Patrick Crusius returned to court nearly six years after the massacre, at a time when the anti-immigrant rhetoric that fueled his actions is once again intensifying. President Donald Trump’s renewed calls to deport millions of undocumented immigrants have brought the word “invasion” back into political discourse—language echoed in Crusius’s manifesto and now cited as a legal rationale for mass deportations and detention with limited due process, as reported by The New York Times.
Also, Crusius’s attorney, Joe Spencer, told The New York Times that his client drove over 600 miles from the Dallas area to target Hispanics after being influenced by racist conspiracy theories and incendiary language from Trump, including the portrayal of immigrants as invaders.
Though Crusius offered no apology, his legal team expressed condolences and said he suffered from schizoaffective disorder. “We share this not as an excuse,” said defense attorney Joe Spencer, “but as part of the explanation for the inexplicable.” For many present, no explanation could lessen the weight of the loss.
Liliana Muñoz, a vendor from Ciudad Juárez, had gone to Walmart to buy snacks to resell. Her body bears lasting wounds; she now walks with a brace and cane. Her spirit, she said, also changed. “I used to be a happy, dancing person. Now I live with fear,” she shared through a statement read in court. Still, she, too, chose to extend forgiveness. “Because what would be the point of forgiving what was easy to forgive?”
The El Paso massacre was one of the deadliest anti-Latino attacks in modern U.S. history. Twenty-three people died, including Mexican nationals, grandparents, tradespeople, and teenagers. Some had crossed the border just for the day.
In a message posted online shortly before the shooting, Crusius had echoed white supremacist rhetoric about a “Hispanic invasion.” He claimed his actions were in defense of the nation’s future. After the arrest, he told police he was specifically targeting Mexicans.

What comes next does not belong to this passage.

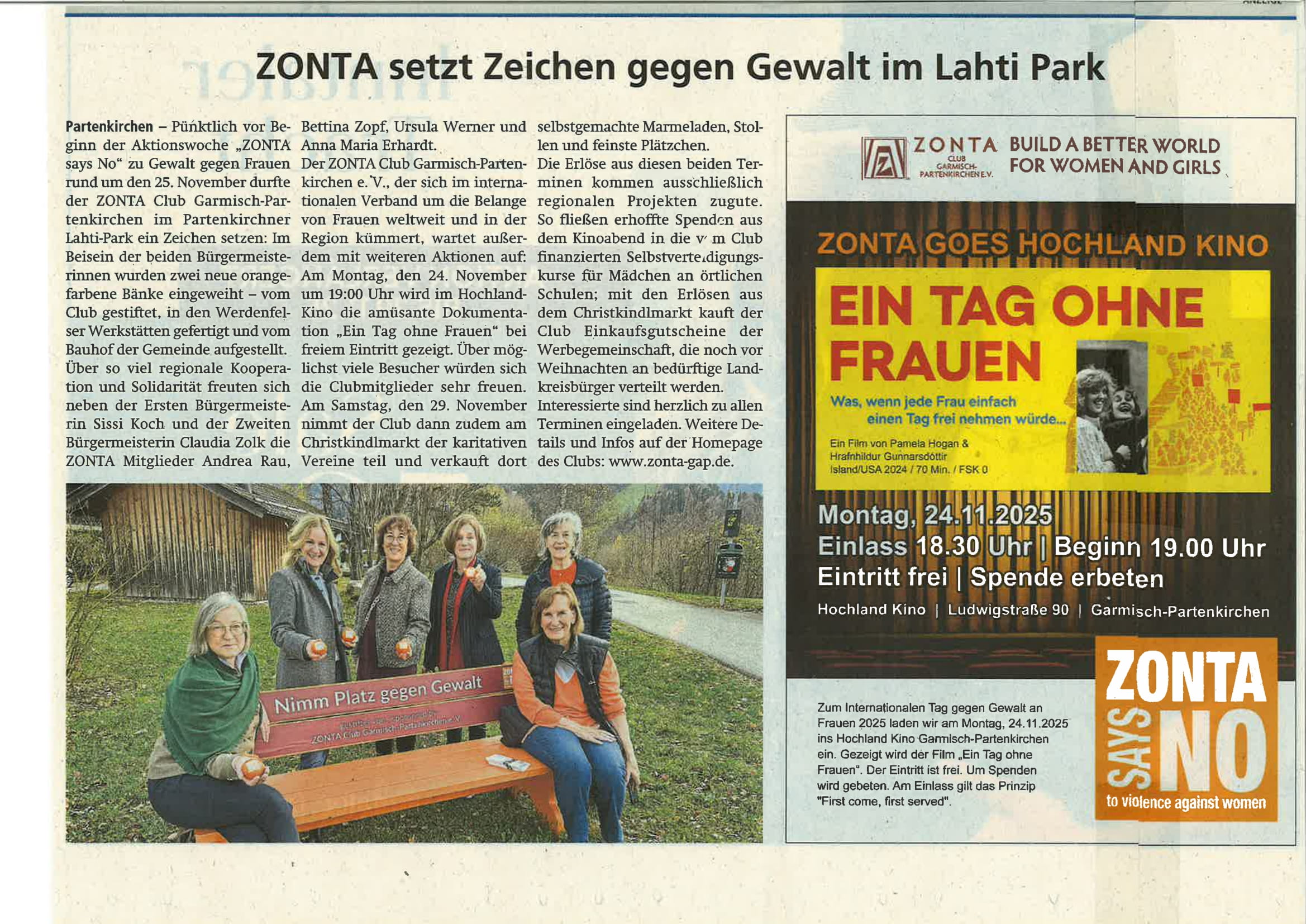 Der ZONTA Club Garmisch-Partenkirchen weihte im Lahti-Park zwei orangefarbene Bänke als sichtbares Zeichen gegen Gewalt an Frauen ein. Die Bänke wurden in den Werdenfelser Werkstätten gefertigt und in Anwesenheit der Bürgermeisterinnen sowie der ZONTA-Mitglieder feierlich übergeben.[3]

The political undertones of the case remain undeniable. In court, Judge Medrano addressed Crusius with clear defiance: “You came to inflict terror, to take innocent lives and to shatter a community. But your mission failed. El Paso rose—stronger and braver.”
Among those who testified, some expressed hope Crusius would reflect deeply in prison. Others accepted that he might not.
Adriana Zandri lost her husband, Ivan Manzano, who had gone shopping that day. She spoke of a life forever altered for her and their two young children. “The only thing I wanted,” she said, “was for them to not grow up with hatred in their hearts.”
Crusius will serve the rest of his life in prison—without the possibility of parole. As his lawyer bluntly stated, “Patrick will leave prison only in a coffin, on God’s time.”
For the latest updates and in-depth information on gun violence in Texas, follow Gun Violence Watch on Instagram and Facebook, and visit https://gunviolencewatch.reformaustin.org/.
The Texas Senate on Thursday afternoon concurred…
After House Republicans last week passed a…
Nearly three years after the devastating mass shooting at Robb Elementary School, the Uvalde City…
Governor Greg Abbott signed Senate Bill 14,…
A new bill moving through the Texas…
As the Texas House prepares for a…
This website uses cookies.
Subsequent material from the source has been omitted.